The rank-based trees could be of low accuracy with high variance. To prevent overfitting, we first ensemble these trees in a fashion of random forest [28, 29]. As in [28], we define a collection of randomized tree predictors $\{h(\cdot ,\Theta _m,\mathcal {L}), m =1,\dots ,M\}$. We denote the mth tree predictor of $h({{\textbf {x}}})$ as $h({{\textbf {x}}},\Theta _m,\mathcal {L})$, $m=1,\dots ,M$, where $\{\Theta _m\}$ are independent identically distributed random quantities encoding the randomization needed for constructing a tree, which are selected prior to grow the tree. These pre-selected parameters are refered to as tuning parameters and discussed in the Discussion section.
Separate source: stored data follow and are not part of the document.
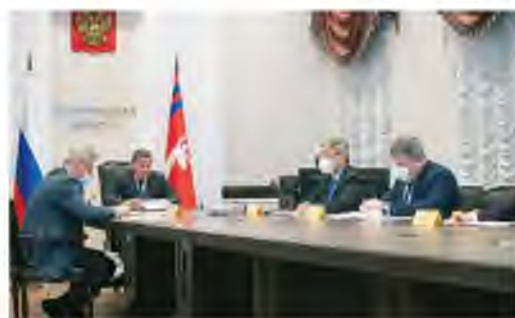
ГУБЕРНАТОРСКИЙ СОВЕТ ОБСУДИЛ ВОПРОСЫ РАБОТЫ В УСЛОВИЯХ ОГРАНИЧИТЕЛЬНЫХ МЕР стр. 2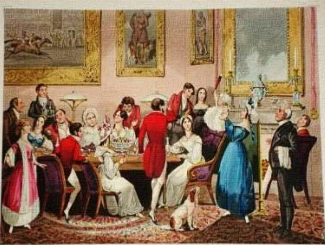
THE DEBUT: OR FIRST ATTEMPT AT THE BRUSH!

На золовкины посиделки молодая невестка приглашала своих родных к себе. Родственники собирались на чаепитие с блинами, пели песни, озорные частушки, танцевали.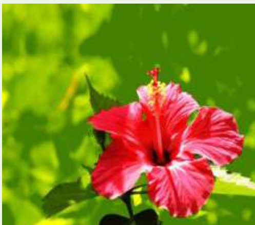
Hibiscus rosa-sinensis L.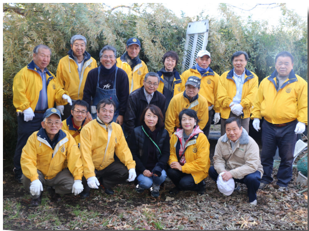
▲孟宗竹取り作業後の記念写真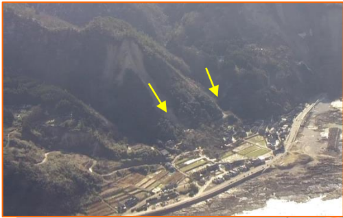
すずし にえまち ③石川県珠洲市仁江町 【道の駅す塩田村の西側】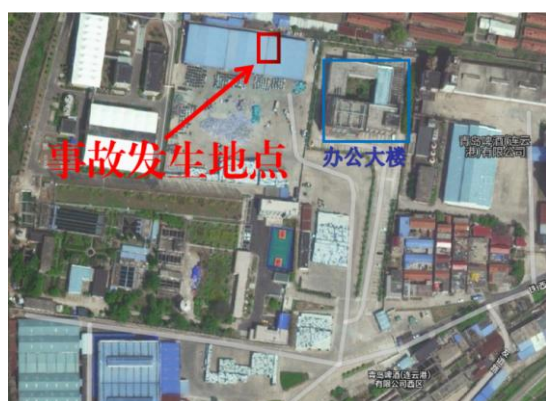
青啤（连云港）公司厂区平面图

事故发生地点位于青啤（连云港）公司瓶场大棚中部顶棚东侧导水槽。瓶场大棚始建于2006年9月，长96.6米，宽30.5米，顶棚高6米，大跨度钢架结构，顶棚铺设彩钢瓦，水泥地面。主要用于堆放空啤酒瓶、废纸箱、托盘等。事故发生时作业区域未堆放物品。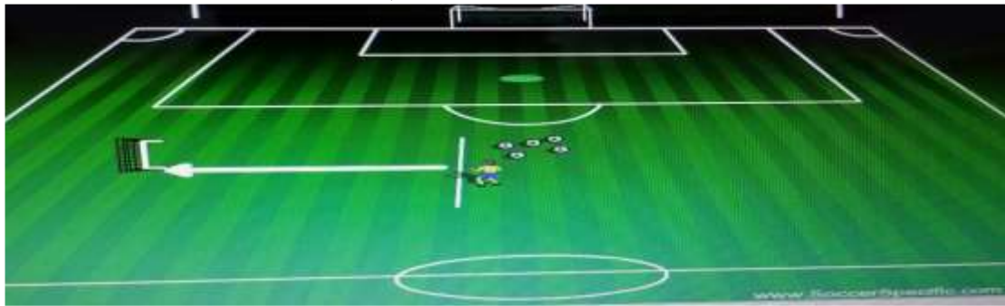
الشكل (٤) يوضح اختبار دقة المناولة بكرة القدم نحو هدف صغير يبعد مسافة (٢٠) متر

- الدرجة الكلية للاختبار (١٠) درجات ، كما هو موضح في الشكل (٤).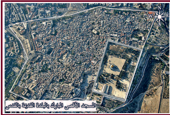
المسجد الأقصى المبارك بالبلدة القديمة بالقدس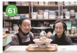
中央区エリア一食堂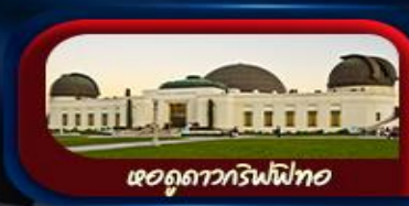
หอดูดาวกริฟฟิท

การันตี 10 ท่านออกเดินทาง พร้อมหัวหน้าทัวร์คนไทย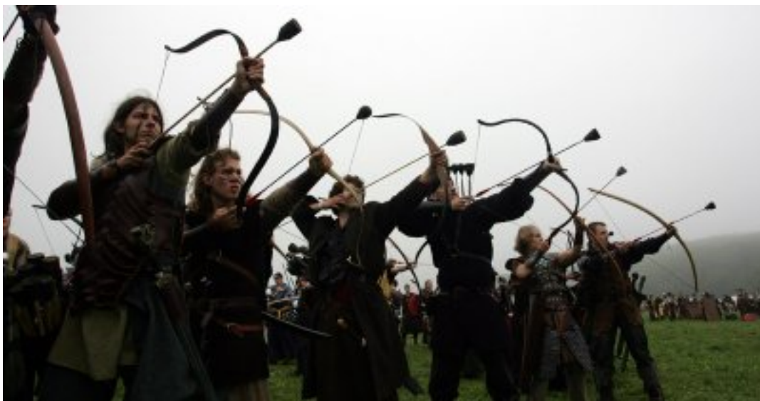
FIGURE 0. – Allez, une image de GN pour faire bonne mesure

Les deux ans après ma sortie de l'école, j'ai fait de la robotique dans l'équipe Atlantronic, composée principalement d'ingénieurs de Centrale Nantes, que j'ai rencontrés à l'occasion de mon master. Maintenant, je participe à l'organisation de l'événement (enfin, pas trop cette année, j'ai eu d'autres activités perso : du jeu de rôle sur table, du jeu de rôle grandeur nature, etc.).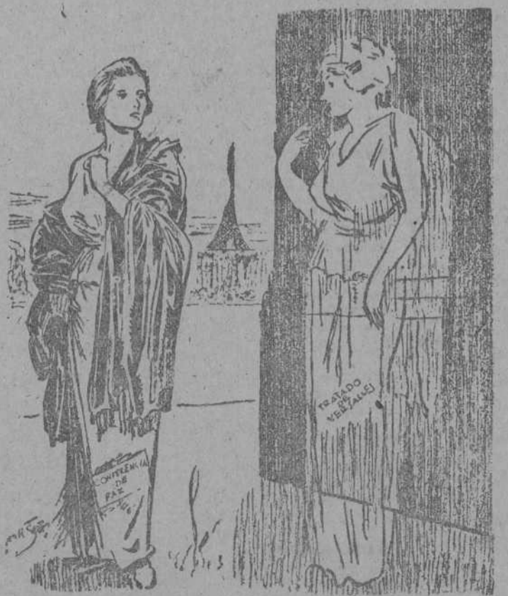
"¿Puedo quedarme un rato por aquí, como una advertencia?"

MADRID 24.—El decreto que mañana publicará el "Boletín Oficial del Estado" creando, bajo la inmediata dependencia de la Presidencia del Gobierno, la delegación especial del Gobierno para la inspección del cumplimiento de las disposiciones sobre tasas y abastos, faculta al delegado especial, que tendrá la categoría administrativa de Director General y actuará en todo el territorio nacional para intervenir con plena autoridad en función inspectora en cuantos organismos tienen a su cargo funciones relacionadas con los abastecimientos y la represión del mercado clandestino. La misión de este delegado será vigilar estrechamente el funcionamiento de todos los organismos que intervienen en esta actividad, dar cuenta de las deficiencias observadas, excitar el celo de las autoridades y sus agentes para exigir el exacto cumplimiento de las disposiciones vigentes y proponer al Gobierno las medidas que juzgue más convenientes para el rápido remedio de las deficiencias y la mayor eficacia en la coordinación de los distintos servicios. La delegación actuará igualmente de oficina de amparo de quejas de los particulares, y propondrá al Gobierno las medidas para su corrección. El personal que en el mínimo indispensable sea necesario a la Delegación será proporcionado por los organismos de la administración y sostenidos por los mismos, sin que la creación del nuevo organismo ocasione gasto alguno.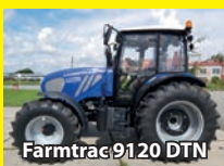
Farmtrac 9120 DTN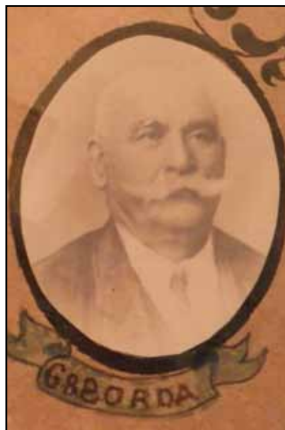
Ritratt tal-benestant Kalkariż Gan Patist Borda. Dan ir-ritratt jinsab gewwa s-sede tas-Soċjetà fl-inkwatra tal-fundaturi.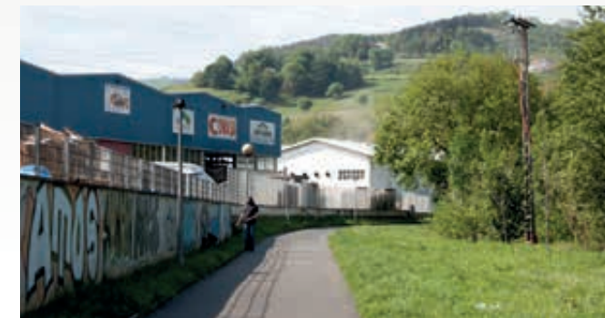
8 Mejora de la iluminación en el bidegorri que discurre paralelo al río Oria y el polígono 15. Oria ibaiaren eta 15. poligonoaren paraleloan doan bidegorriaren argiztapena hobetzea.

Sin olvidar, que ya es una realidad la cubierta de la Plaza Pásus que propusimos desde el PSE-EE de Zizurkil.

The tree predictors are combined to form the finite forest estimator of $h({{\textbf {x}}})$ as

$$\begin{aligned} \hat{p}_k({{\textbf {x}}})=\hat{P}(Y=k|{{\textbf {x}}})=\frac{1}{M}\sum _{m=1}^{M}\mathbb {1}_{\{h({{\textbf {x}}},\Theta _m,\mathcal {L})=k\}} \end{aligned}$$

(3)

and $h({{\textbf {x}}})=\mathop {\mathrm {arg\,max}}\limits _{k\in \{1,\dots ,K\}}\hat{p}_k({{\textbf {x}}})$.

Although random forest offers the advantage of achieving high levels of accuracy, the decision rules become extremely complex after averaging the rank based trees, which motivates us to extract information from the blackbox to increase interpretability. Since each terminal node of a tree can be viewed as a classification rule from multiple TSPs, we propose the Algorithm 1 to identify some importance classification rules. Note that each tree in a random forest algorithm is fitted from a bootstrap sample of the original data, leaving approximately 1− 0.632 = 0.368 out-of-sample data for each tree which is called out-of-bag (OOB). This data can be utilized to estimate the prediction performance and obtain an OOB prediction error without the need for an additional cross-validation step to evaluate the prediction error. Here we calculate the OOB prediction error for each terminal node for selecting rules in Algorithm 1.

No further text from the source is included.